Every line from the start of the entries up to and including the one bearing "下沉式庭院和小区最大约8米的" must be printed verbatim, without the pictures.

[Dataset entries]
[Start of Attachment]

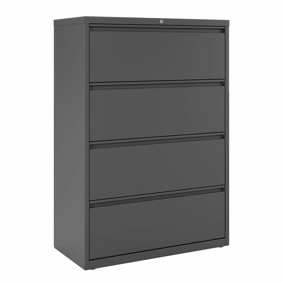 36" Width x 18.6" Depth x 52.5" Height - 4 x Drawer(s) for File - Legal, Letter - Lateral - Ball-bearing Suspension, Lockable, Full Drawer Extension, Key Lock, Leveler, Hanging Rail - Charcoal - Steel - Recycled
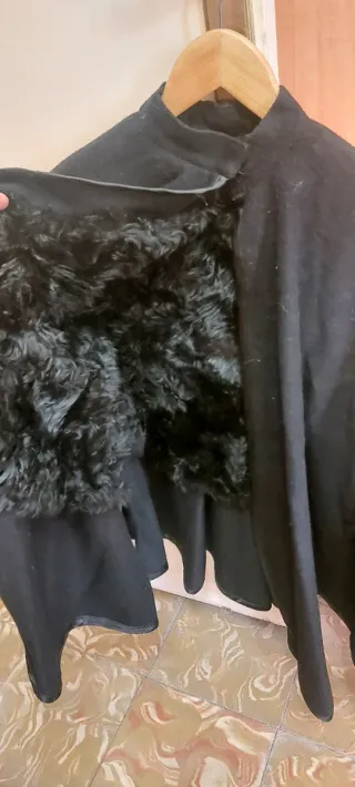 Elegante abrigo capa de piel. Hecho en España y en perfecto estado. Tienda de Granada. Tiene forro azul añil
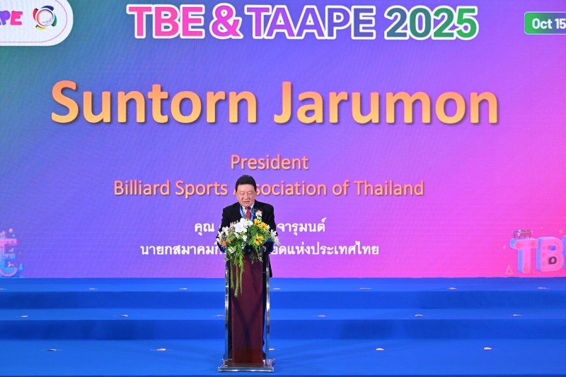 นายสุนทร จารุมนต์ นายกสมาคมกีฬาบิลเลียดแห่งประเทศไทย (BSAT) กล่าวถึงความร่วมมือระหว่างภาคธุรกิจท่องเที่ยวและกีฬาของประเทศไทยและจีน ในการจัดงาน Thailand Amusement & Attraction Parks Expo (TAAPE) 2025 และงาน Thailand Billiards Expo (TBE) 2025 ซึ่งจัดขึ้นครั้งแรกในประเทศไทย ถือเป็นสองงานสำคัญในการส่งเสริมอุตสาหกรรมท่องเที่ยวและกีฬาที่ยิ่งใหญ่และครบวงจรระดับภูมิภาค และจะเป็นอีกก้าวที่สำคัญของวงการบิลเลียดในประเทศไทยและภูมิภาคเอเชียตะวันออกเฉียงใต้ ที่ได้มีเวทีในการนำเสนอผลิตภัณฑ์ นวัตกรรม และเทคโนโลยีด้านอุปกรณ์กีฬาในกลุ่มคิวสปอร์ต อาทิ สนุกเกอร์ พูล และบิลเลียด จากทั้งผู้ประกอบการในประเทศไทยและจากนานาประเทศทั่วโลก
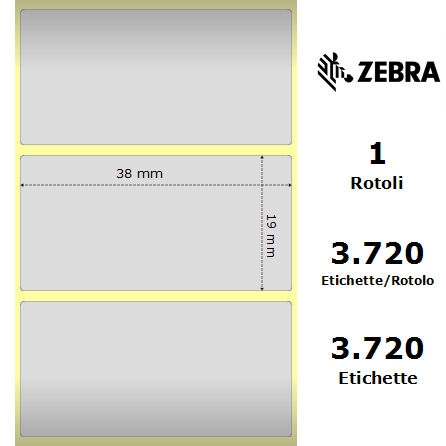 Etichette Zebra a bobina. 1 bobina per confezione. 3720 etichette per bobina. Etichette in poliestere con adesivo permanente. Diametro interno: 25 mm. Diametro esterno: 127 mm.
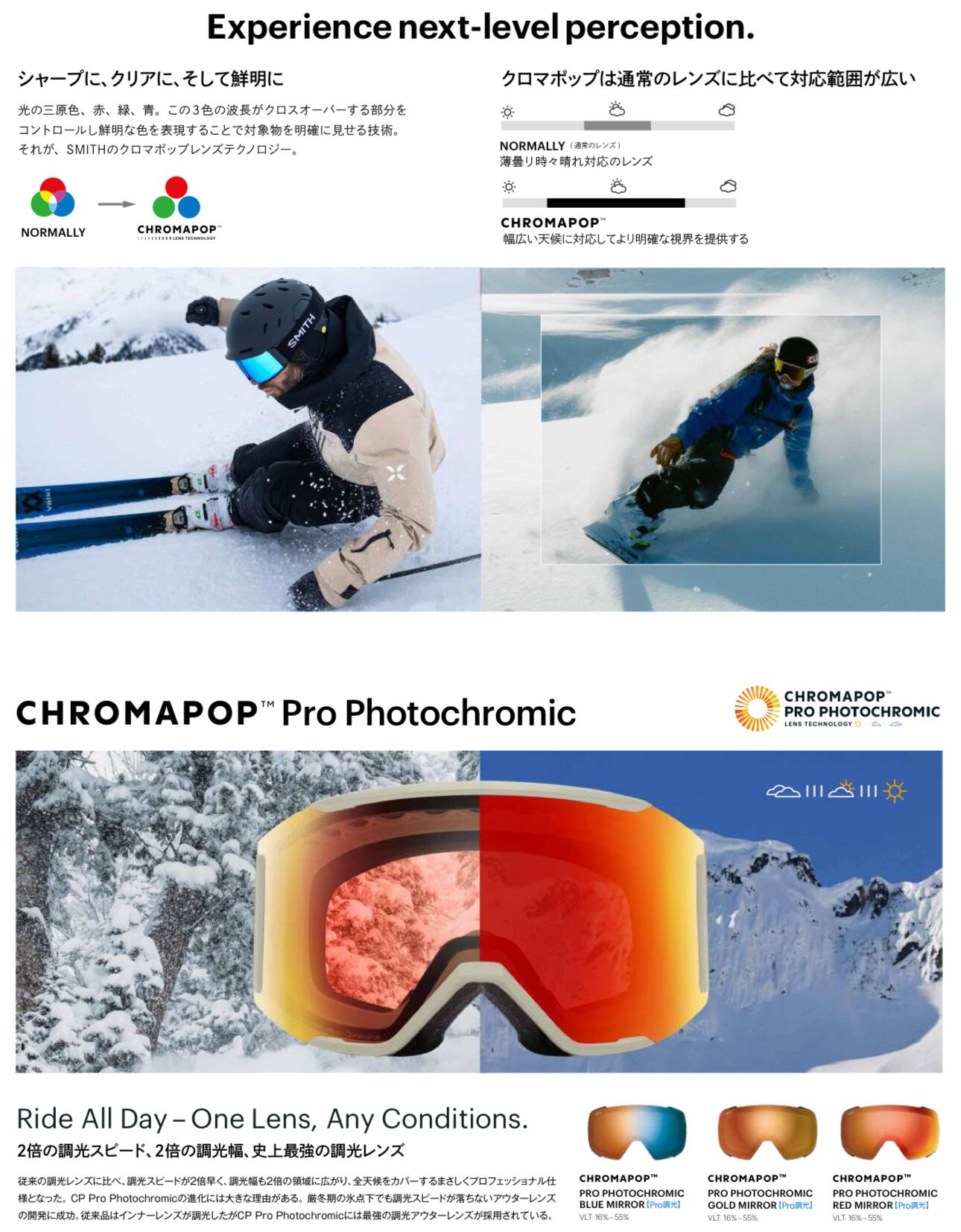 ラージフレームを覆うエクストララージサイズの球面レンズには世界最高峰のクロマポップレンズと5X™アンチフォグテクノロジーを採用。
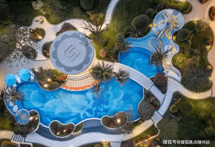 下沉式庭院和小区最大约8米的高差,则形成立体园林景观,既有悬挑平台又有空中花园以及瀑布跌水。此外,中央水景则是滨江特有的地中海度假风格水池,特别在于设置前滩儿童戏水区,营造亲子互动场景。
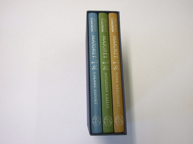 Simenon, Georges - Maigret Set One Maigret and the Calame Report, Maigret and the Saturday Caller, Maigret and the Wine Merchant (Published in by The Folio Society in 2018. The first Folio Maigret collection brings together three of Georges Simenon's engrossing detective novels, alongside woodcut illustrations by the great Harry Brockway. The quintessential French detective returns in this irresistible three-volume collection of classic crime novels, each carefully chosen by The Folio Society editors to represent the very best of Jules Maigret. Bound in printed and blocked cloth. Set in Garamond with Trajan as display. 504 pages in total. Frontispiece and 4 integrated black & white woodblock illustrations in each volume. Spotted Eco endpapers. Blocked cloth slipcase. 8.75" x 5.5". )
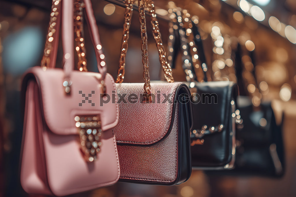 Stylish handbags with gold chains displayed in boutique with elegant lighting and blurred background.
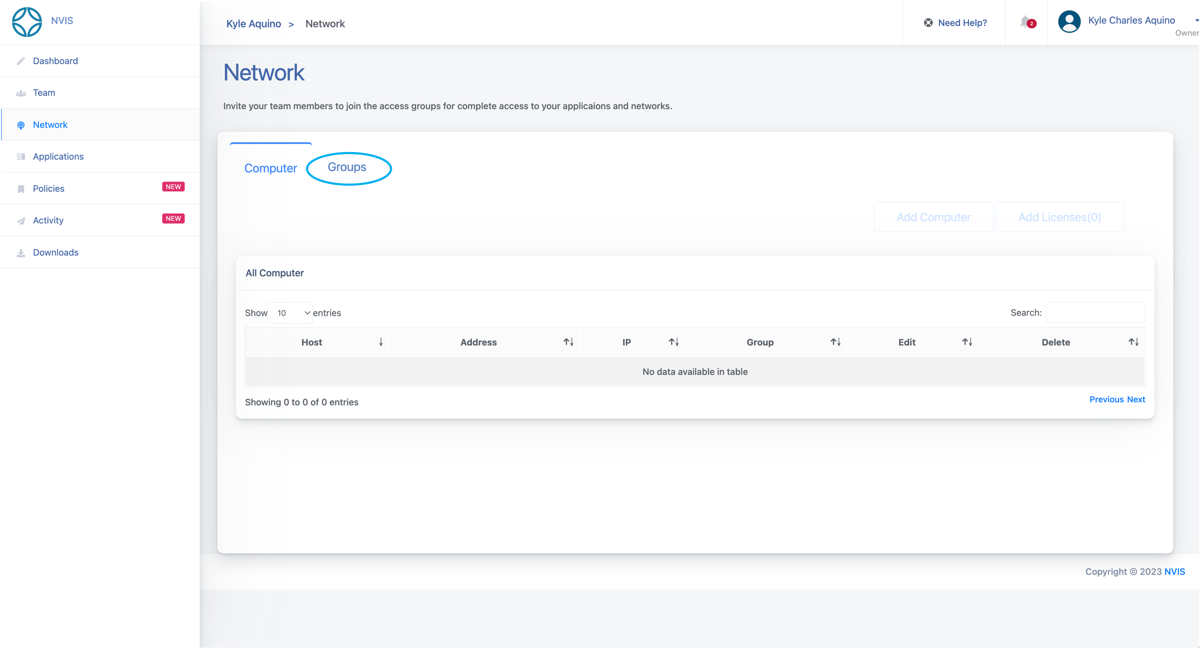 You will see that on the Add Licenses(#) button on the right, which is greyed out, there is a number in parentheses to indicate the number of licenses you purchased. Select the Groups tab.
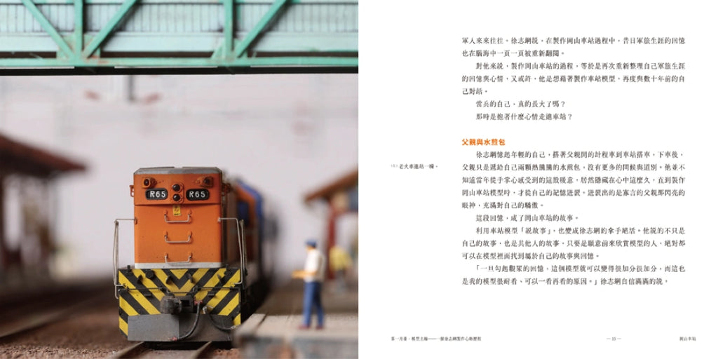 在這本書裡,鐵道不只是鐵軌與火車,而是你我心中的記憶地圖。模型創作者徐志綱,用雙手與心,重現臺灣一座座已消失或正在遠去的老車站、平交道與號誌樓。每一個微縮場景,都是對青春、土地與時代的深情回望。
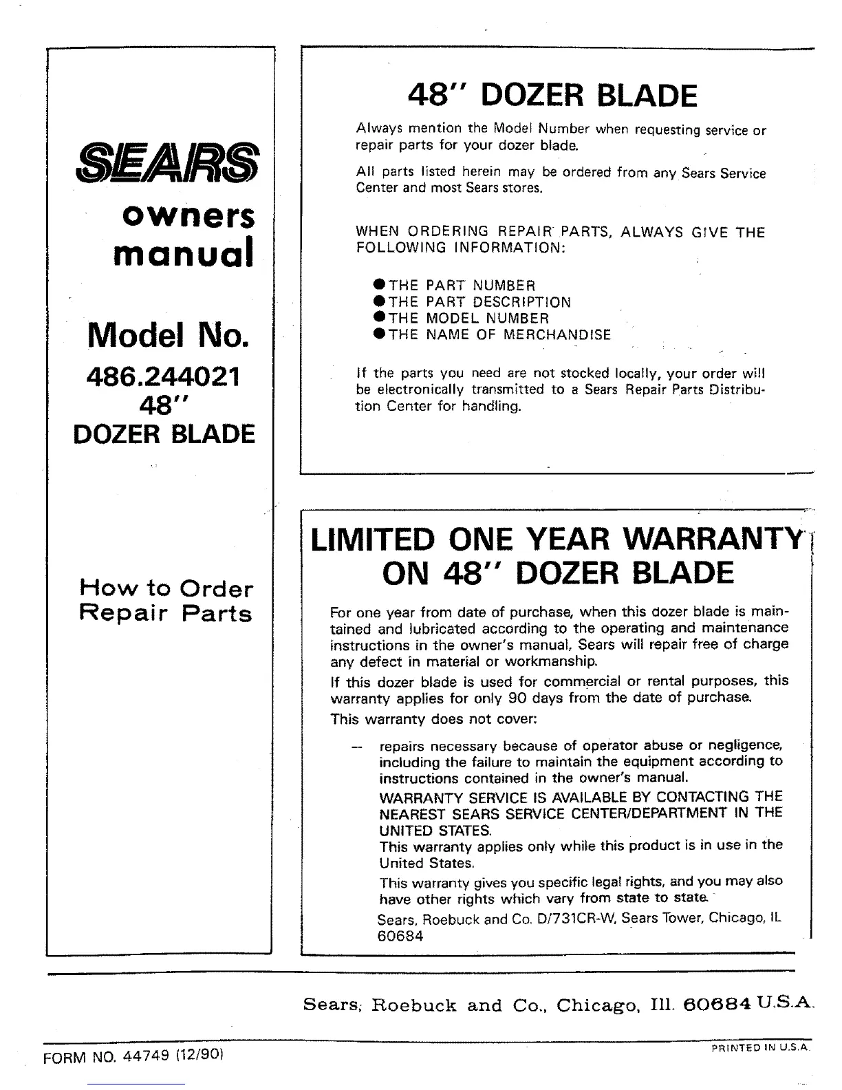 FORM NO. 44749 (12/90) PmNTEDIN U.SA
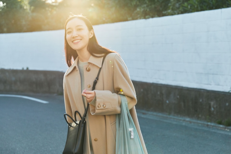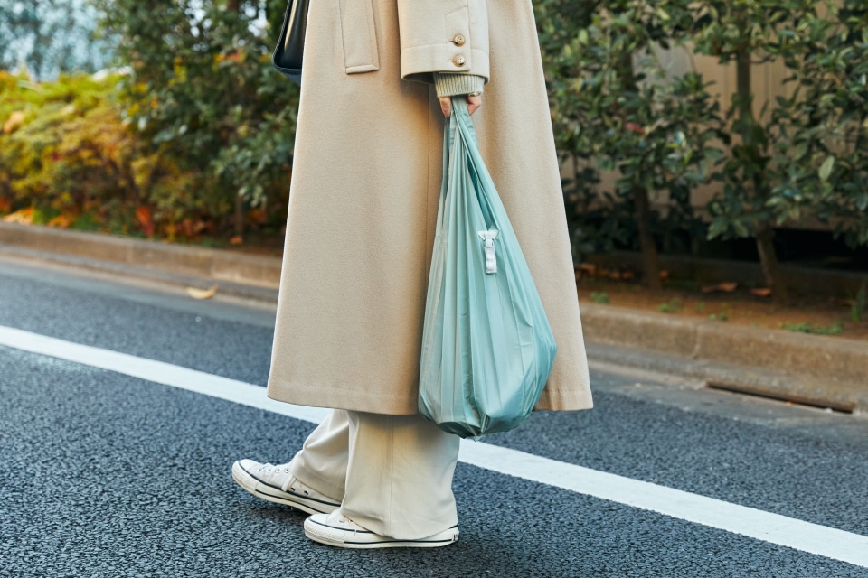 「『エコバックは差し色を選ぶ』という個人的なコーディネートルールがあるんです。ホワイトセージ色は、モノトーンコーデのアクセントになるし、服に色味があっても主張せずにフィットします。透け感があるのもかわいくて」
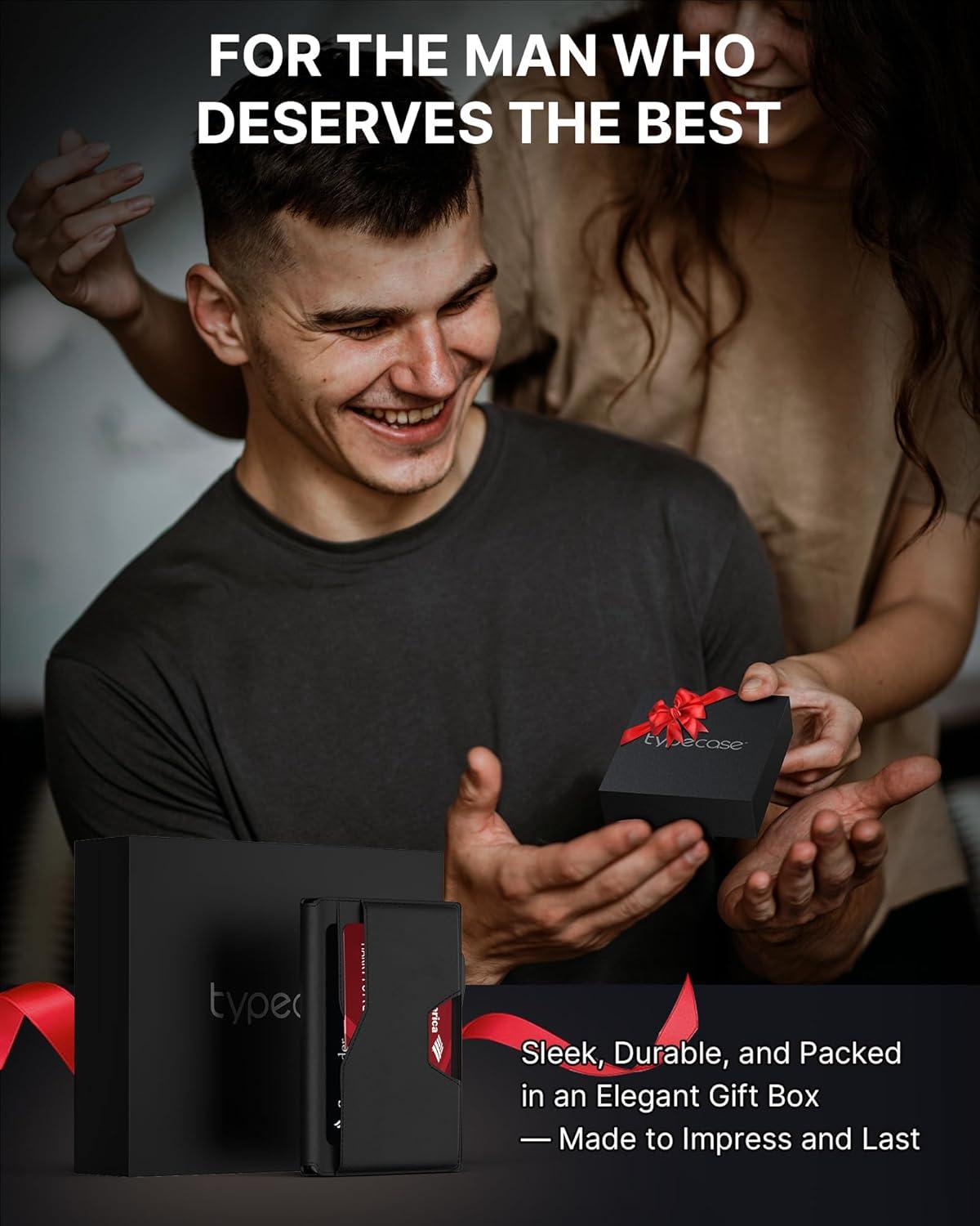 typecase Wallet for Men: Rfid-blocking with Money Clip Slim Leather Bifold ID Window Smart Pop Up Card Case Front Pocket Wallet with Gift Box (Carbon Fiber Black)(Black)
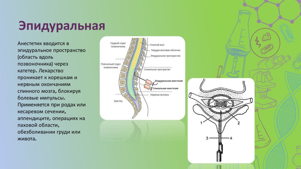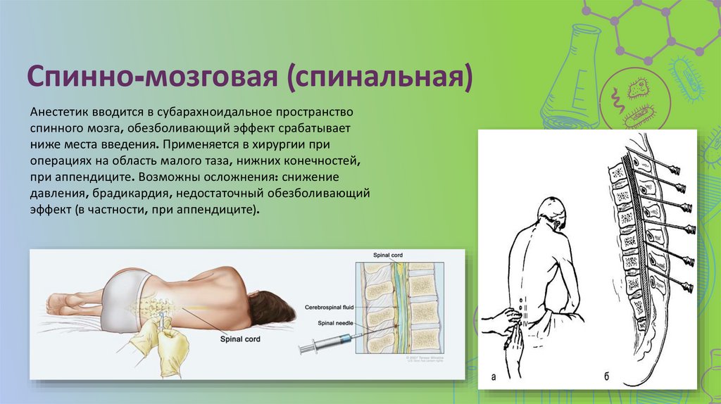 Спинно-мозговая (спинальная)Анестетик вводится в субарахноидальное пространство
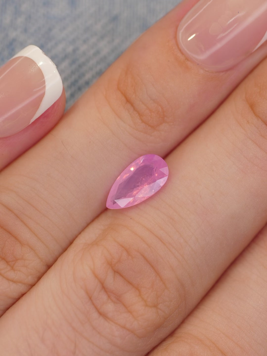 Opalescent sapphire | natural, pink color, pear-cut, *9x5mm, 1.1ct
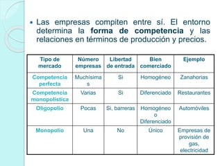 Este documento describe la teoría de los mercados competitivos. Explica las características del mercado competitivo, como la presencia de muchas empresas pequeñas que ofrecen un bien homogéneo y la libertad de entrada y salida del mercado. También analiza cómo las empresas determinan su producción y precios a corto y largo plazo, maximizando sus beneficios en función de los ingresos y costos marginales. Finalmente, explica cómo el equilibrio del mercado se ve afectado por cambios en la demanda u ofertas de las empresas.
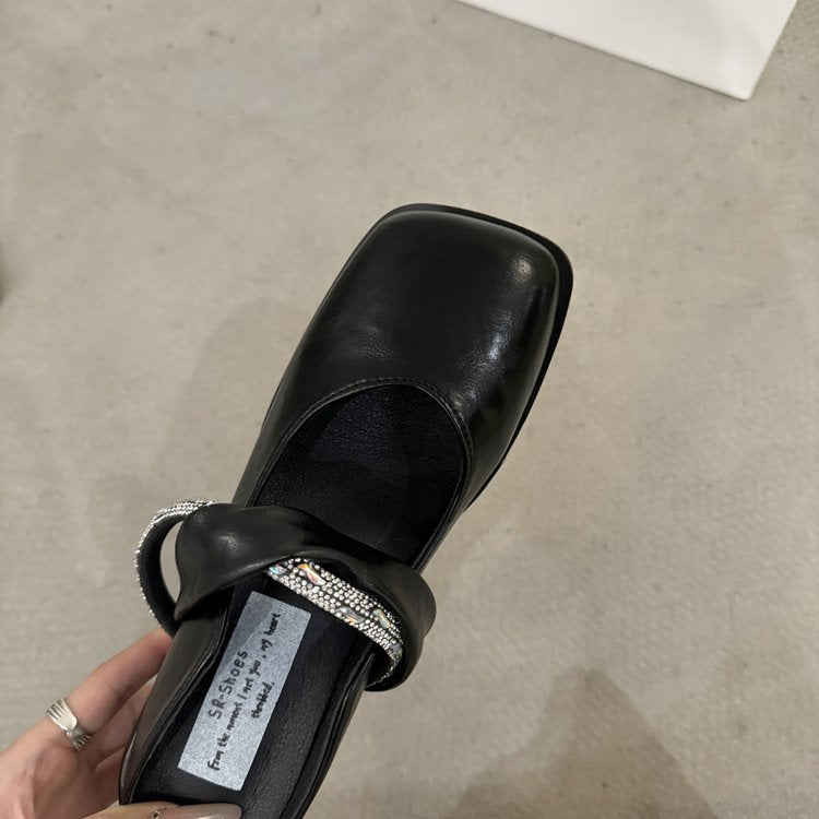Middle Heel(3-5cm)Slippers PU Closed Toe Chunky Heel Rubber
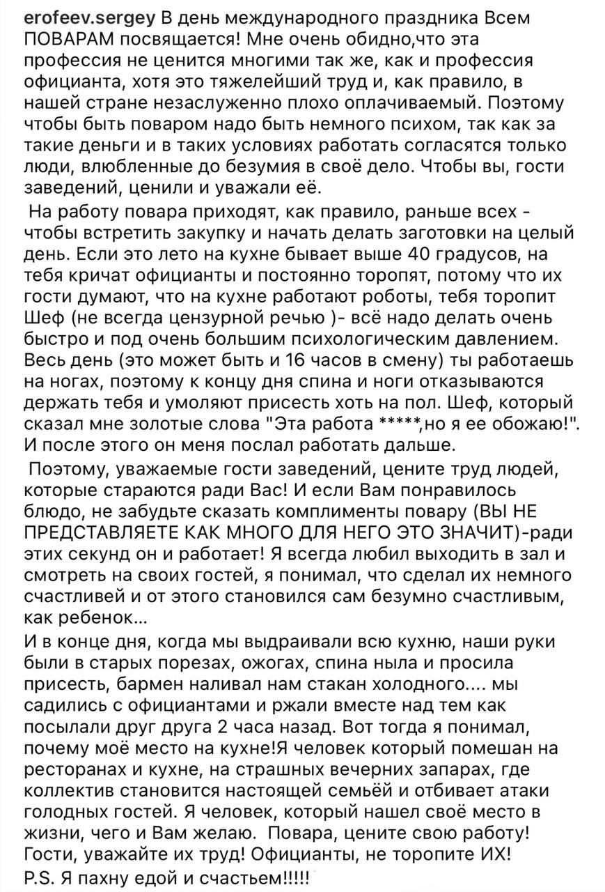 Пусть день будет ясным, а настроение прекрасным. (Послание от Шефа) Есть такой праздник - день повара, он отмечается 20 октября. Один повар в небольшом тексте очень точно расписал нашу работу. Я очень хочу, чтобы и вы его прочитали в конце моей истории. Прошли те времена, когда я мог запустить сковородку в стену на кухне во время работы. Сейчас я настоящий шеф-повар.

[End of Attachment]

Response to the task:
 36" Width x 18.6" Depth x 52.5" Height - 4 x Drawer(s) for File - Legal, Letter - Lateral - Ball-bearing Suspension, Lockable, Full Drawer Extension, Key Lock, Leveler, Hanging Rail - Charcoal - Steel - Recycled
 Elegante abrigo capa de piel. Hecho en España y en perfecto estado. Tienda de Granada. Tiene forro azul añil
 นายสุนทร จารุมนต์ นายกสมาคมกีฬาบิลเลียดแห่งประเทศไทย (BSAT) กล่าวถึงความร่วมมือระหว่างภาคธุรกิจท่องเที่ยวและกีฬาของประเทศไทยและจีน ในการจัดงาน Thailand Amusement & Attraction Parks Expo (TAAPE) 2025 และงาน Thailand Billiards Expo (TBE) 2025 ซึ่งจัดขึ้นครั้งแรกในประเทศไทย ถือเป็นสองงานสำคัญในการส่งเสริมอุตสาหกรรมท่องเที่ยวและกีฬาที่ยิ่งใหญ่และครบวงจรระดับภูมิภาค และจะเป็นอีกก้าวที่สำคัญของวงการบิลเลียดในประเทศไทยและภูมิภาคเอเชียตะวันออกเฉียงใต้ ที่ได้มีเวทีในการนำเสนอผลิตภัณฑ์ นวัตกรรม และเทคโนโลยีด้านอุปกรณ์กีฬาในกลุ่มคิวสปอร์ต อาทิ สนุกเกอร์ พูล และบิลเลียด จากทั้งผู้ประกอบการในประเทศไทยและจากนานาประเทศทั่วโลก
 Etichette Zebra a bobina. 1 bobina per confezione. 3720 etichette per bobina. Etichette in poliestere con adesivo permanente. Diametro interno: 25 mm. Diametro esterno: 127 mm.
 ラージフレームを覆うエクストララージサイズの球面レンズには世界最高峰のクロマポップレンズと5X™アンチフォグテクノロジーを採用。
 下沉式庭院和小区最大约8米的高差,则形成立体园林景观,既有悬挑平台又有空中花园以及瀑布跌水。此外,中央水景则是滨江特有的地中海度假风格水池,特别在于设置前滩儿童戏水区,营造亲子互动场景。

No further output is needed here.